Никиту Кузнецова никто на берегу не ждал, разве что ненароком мог очутиться здесь кто-то из самарских стрельцов. Крепко сомневался он, допустят ли стрелецкие головы своих подчиненных к свободному общению с недавними еще «государевыми изменщиками и ворами». Но когда, поправив мешок за спиной, по сходням сбежал на берег, в глазах зарябило от пестроты нарядов астраханских посадских и горожан, от обилия кафтанов московских стрельцов — голубых из Лопухина приказа, розовых — из приказа Семена Кузьмина, вишневого цвета — из приказа Федора Алексеева. Мелькали тут и там малиновые кафтаны стрельцов приказа Головленкова.
«Будто вся Москва ратная прибыла в Астрахань к возвращению казацкой вольницы», — отметил с тревогой про себя Никита и поспешил по выложенному камнями склону берега в сторону посада, над которым высились каменные стены и башни кремля. В толпе астраханских торговых гостей Никита приметил несколько человек в кизылбашских пестрых нарядах, удивился проворству и изрядной смелости персов.

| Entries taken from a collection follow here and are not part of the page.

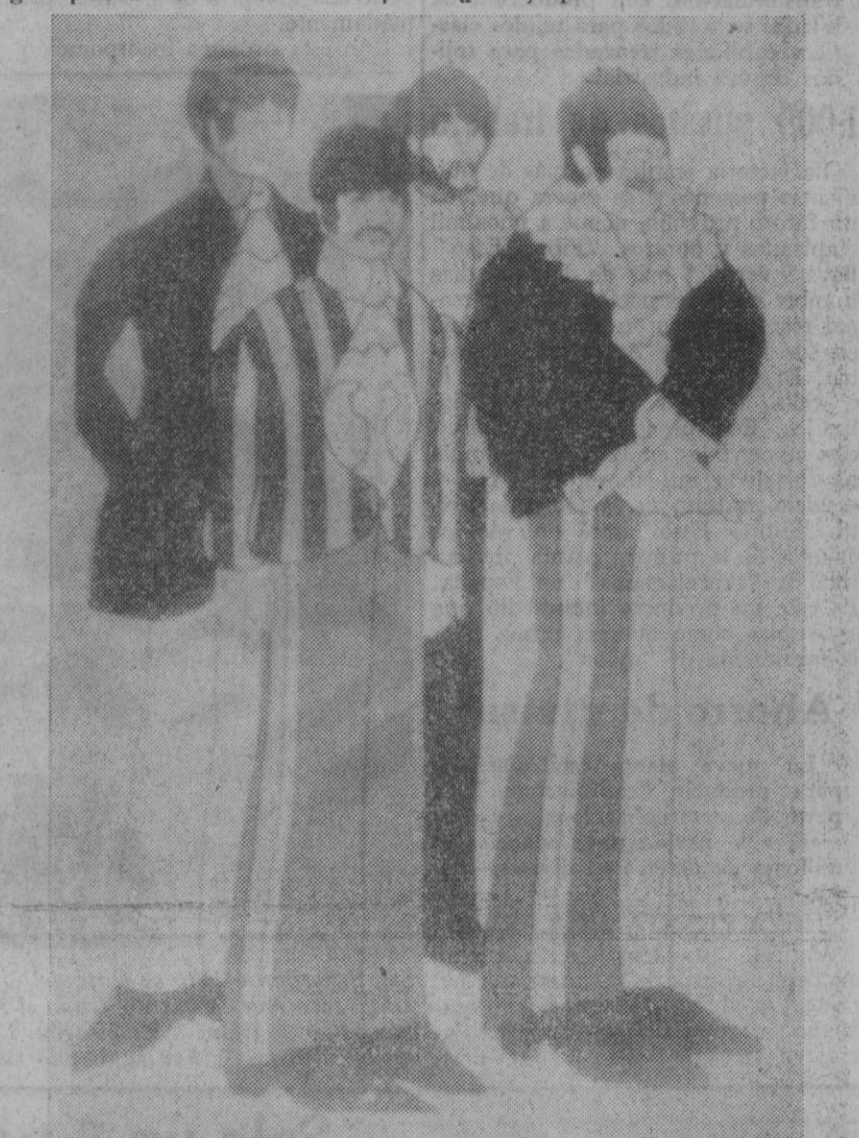
Cartel publicitario de la película de los Beatles, "El submarino amarillo".

En suma, una brillante realización de Heinz Edelmann y una buena dirección a cargo de George Dunning. En realidad es una buena película no para la gente que la hizo, sino para la gente que la ve y quiere disfrutar de noventa
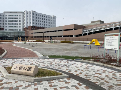
上切公園(令和3年度施工)

経年劣化が進む児童遊園を、安心して遊べる児童遊園とするため、計画的に施設再整備を行います。
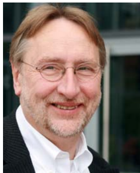
Bernd Lange, MdEP
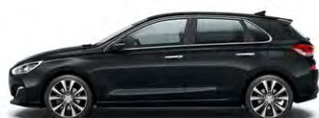
PHANTOM BLACK (PAE - PERŁOWY)
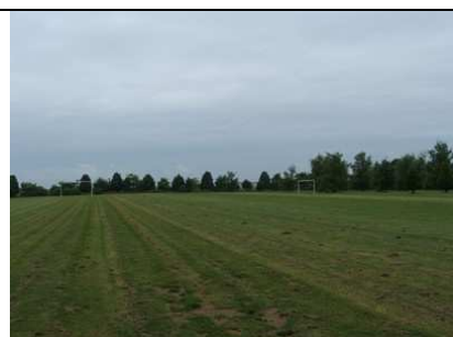
Le terrain de rugby
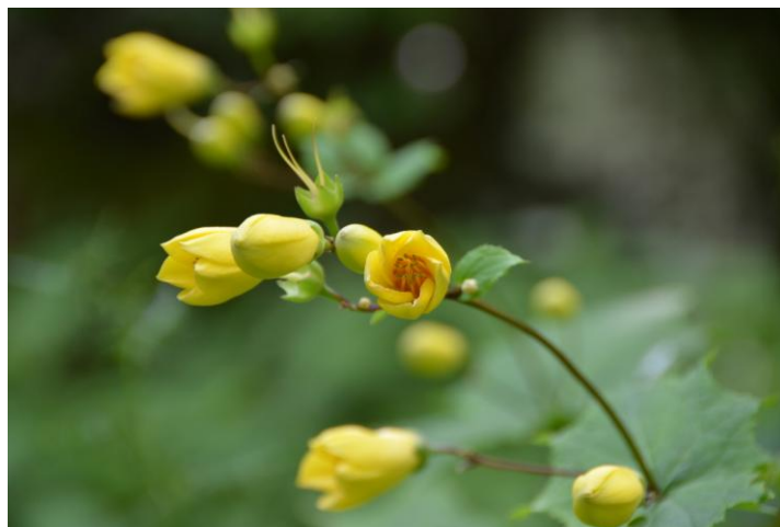
▲ キレンゲシヨウマ

うだる暑さの下界におさらばし花と涼を求める チームと剣&次郎笈の2チームで《剣山》を訪ね ました。一面の笹原を渡る風は涼しくキレンゲシ ヨウマの花も可愛く其々に満足の山行でした♪

«Ишь, басурмане! Не убоялись в столь смутное время по морю с товарами пуститься! У тезиков завсегда так, кто смел, тот первым куш съел…» И все же, словно бык на красную тряпку, насупился, готовый к всякой пакости со стороны недавних измывателей. Быть может, именно поэтому вдруг уловил мимолетное, казалось бы, происшествие: один из персов, натолкнувшись на пристальный взгляд Никиты Кузнецова, постоял так миг, ухватил кизылбашскую женку за руку и втиснулся плечом в толпу, норовя скрыться. Словно роковым ударом грома пораженный, скорее по наитию сердца, чем осознанно, Никита издали крикнул что было сил:
— Али! Сто-ой, перс поганы-ый!
Опознанный тезик, будто юркая ящерица в спасительную каменную трещину, еще глубже полез в толпу. Женщина, не понимая причины испуга тезика, растерянно оглядывалась по сторонам. И Никита, заглушая царивший вокруг тысячеголосый гвалт, снова заорал, как если бы от этого крика зависела его жизнь:
— Лу-уша-а! Это я, Ники-ита!
Никита увидел, что Лукерья раскрыла рот — должно быть, услышала его и вскрикнула что-то в ответ.